- **Problem description**
Provide the data again in its entirety, exactly as given.

- **Records provided**
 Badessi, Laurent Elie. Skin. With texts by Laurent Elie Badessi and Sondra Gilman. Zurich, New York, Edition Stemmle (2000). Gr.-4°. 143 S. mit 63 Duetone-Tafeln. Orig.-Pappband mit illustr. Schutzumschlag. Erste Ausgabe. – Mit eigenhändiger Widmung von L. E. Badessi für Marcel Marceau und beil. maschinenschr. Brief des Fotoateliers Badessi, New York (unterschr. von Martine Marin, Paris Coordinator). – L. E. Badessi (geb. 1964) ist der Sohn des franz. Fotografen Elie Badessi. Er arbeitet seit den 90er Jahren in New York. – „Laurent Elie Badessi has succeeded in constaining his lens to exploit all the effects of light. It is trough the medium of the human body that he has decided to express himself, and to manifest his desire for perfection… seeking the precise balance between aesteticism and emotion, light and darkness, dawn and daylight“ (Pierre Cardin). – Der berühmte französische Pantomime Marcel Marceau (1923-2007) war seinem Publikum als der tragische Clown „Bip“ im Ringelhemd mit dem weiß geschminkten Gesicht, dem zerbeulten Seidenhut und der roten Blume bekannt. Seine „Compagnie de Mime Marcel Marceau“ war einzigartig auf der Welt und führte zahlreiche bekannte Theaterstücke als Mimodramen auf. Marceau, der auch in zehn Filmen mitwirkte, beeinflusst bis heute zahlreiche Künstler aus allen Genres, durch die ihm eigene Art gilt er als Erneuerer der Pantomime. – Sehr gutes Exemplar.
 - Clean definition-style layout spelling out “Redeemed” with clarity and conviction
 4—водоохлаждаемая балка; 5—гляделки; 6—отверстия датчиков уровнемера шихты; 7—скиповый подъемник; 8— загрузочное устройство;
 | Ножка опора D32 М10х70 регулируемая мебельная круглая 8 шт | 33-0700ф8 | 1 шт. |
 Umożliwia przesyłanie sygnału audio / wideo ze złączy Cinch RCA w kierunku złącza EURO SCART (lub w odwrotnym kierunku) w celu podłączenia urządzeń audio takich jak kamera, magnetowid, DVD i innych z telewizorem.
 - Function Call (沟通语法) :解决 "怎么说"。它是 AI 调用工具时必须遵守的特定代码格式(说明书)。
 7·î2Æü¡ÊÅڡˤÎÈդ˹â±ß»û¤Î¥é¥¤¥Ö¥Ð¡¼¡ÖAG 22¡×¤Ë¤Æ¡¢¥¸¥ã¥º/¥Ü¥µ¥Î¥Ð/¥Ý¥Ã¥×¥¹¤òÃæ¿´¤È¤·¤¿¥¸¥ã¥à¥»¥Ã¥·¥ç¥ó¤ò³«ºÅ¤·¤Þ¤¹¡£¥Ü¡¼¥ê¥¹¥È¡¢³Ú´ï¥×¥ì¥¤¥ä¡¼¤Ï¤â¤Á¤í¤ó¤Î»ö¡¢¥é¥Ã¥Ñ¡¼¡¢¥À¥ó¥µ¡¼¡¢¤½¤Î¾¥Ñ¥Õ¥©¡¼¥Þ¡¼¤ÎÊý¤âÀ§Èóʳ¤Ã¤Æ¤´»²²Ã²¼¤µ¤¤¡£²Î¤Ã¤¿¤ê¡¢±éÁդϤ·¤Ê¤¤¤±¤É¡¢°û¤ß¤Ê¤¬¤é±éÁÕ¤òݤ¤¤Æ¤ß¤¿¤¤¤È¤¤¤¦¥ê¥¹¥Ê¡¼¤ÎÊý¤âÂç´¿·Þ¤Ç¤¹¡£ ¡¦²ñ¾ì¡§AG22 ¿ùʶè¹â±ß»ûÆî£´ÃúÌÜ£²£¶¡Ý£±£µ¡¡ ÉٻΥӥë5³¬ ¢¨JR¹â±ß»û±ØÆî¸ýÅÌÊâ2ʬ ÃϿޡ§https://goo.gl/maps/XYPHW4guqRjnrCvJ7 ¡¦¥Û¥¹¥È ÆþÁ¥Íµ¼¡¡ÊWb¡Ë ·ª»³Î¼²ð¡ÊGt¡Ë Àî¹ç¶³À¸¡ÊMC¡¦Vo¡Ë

- **Output**
 Badessi, Laurent Elie. Skin. With texts by Laurent Elie Badessi and Sondra Gilman. Zurich, New York, Edition Stemmle (2000). Gr.-4°. 143 S. mit 63 Duetone-Tafeln. Orig.-Pappband mit illustr. Schutzumschlag. Erste Ausgabe. – Mit eigenhändiger Widmung von L. E. Badessi für Marcel Marceau und beil. maschinenschr. Brief des Fotoateliers Badessi, New York (unterschr. von Martine Marin, Paris Coordinator). – L. E. Badessi (geb. 1964) ist der Sohn des franz. Fotografen Elie Badessi. Er arbeitet seit den 90er Jahren in New York. – „Laurent Elie Badessi has succeeded in constaining his lens to exploit all the effects of light. It is trough the medium of the human body that he has decided to express himself, and to manifest his desire for perfection… seeking the precise balance between aesteticism and emotion, light and darkness, dawn and daylight“ (Pierre Cardin). – Der berühmte französische Pantomime Marcel Marceau (1923-2007) war seinem Publikum als der tragische Clown „Bip“ im Ringelhemd mit dem weiß geschminkten Gesicht, dem zerbeulten Seidenhut und der roten Blume bekannt. Seine „Compagnie de Mime Marcel Marceau“ war einzigartig auf der Welt und führte zahlreiche bekannte Theaterstücke als Mimodramen auf. Marceau, der auch in zehn Filmen mitwirkte, beeinflusst bis heute zahlreiche Künstler aus allen Genres, durch die ihm eigene Art gilt er als Erneuerer der Pantomime. – Sehr gutes Exemplar.
 - Clean definition-style layout spelling out “Redeemed” with clarity and conviction
 4—водоохлаждаемая балка; 5—гляделки; 6—отверстия датчиков уровнемера шихты; 7—скиповый подъемник; 8— загрузочное устройство;
 | Ножка опора D32 М10х70 регулируемая мебельная круглая 8 шт | 33-0700ф8 | 1 шт. |
 Umożliwia przesyłanie sygnału audio / wideo ze złączy Cinch RCA w kierunku złącza EURO SCART (lub w odwrotnym kierunku) w celu podłączenia urządzeń audio takich jak kamera, magnetowid, DVD i innych z telewizorem.
 - Function Call (沟通语法) :解决 "怎么说"。它是 AI 调用工具时必须遵守的特定代码格式(说明书)。
 7·î2Æü¡ÊÅڡˤÎÈդ˹â±ß»û¤Î¥é¥¤¥Ö¥Ð¡¼¡ÖAG 22¡×¤Ë¤Æ¡¢¥¸¥ã¥º/¥Ü¥µ¥Î¥Ð/¥Ý¥Ã¥×¥¹¤òÃæ¿´¤È¤·¤¿¥¸¥ã¥à¥»¥Ã¥·¥ç¥ó¤ò³«ºÅ¤·¤Þ¤¹¡£¥Ü¡¼¥ê¥¹¥È¡¢³Ú´ï¥×¥ì¥¤¥ä¡¼¤Ï¤â¤Á¤í¤ó¤Î»ö¡¢¥é¥Ã¥Ñ¡¼¡¢¥À¥ó¥µ¡¼¡¢¤½¤Î¾¥Ñ¥Õ¥©¡¼¥Þ¡¼¤ÎÊý¤âÀ§Èóʳ¤Ã¤Æ¤´»²²Ã²¼¤µ¤¤¡£²Î¤Ã¤¿¤ê¡¢±éÁդϤ·¤Ê¤¤¤±¤É¡¢°û¤ß¤Ê¤¬¤é±éÁÕ¤òݤ¤¤Æ¤ß¤¿¤¤¤È¤¤¤¦¥ê¥¹¥Ê¡¼¤ÎÊý¤âÂç´¿·Þ¤Ç¤¹¡£ ¡¦²ñ¾ì¡§AG22 ¿ùʶè¹â±ß»ûÆî£´ÃúÌÜ£²£¶¡Ý£±£µ¡¡ ÉٻΥӥë5³¬ ¢¨JR¹â±ß»û±ØÆî¸ýÅÌÊâ2ʬ ÃϿޡ§https://goo.gl/maps/XYPHW4guqRjnrCvJ7 ¡¦¥Û¥¹¥È ÆþÁ¥Íµ¼¡¡ÊWb¡Ë ·ª»³Î¼²ð¡ÊGt¡Ë Àî¹ç¶³À¸¡ÊMC¡¦Vo¡Ë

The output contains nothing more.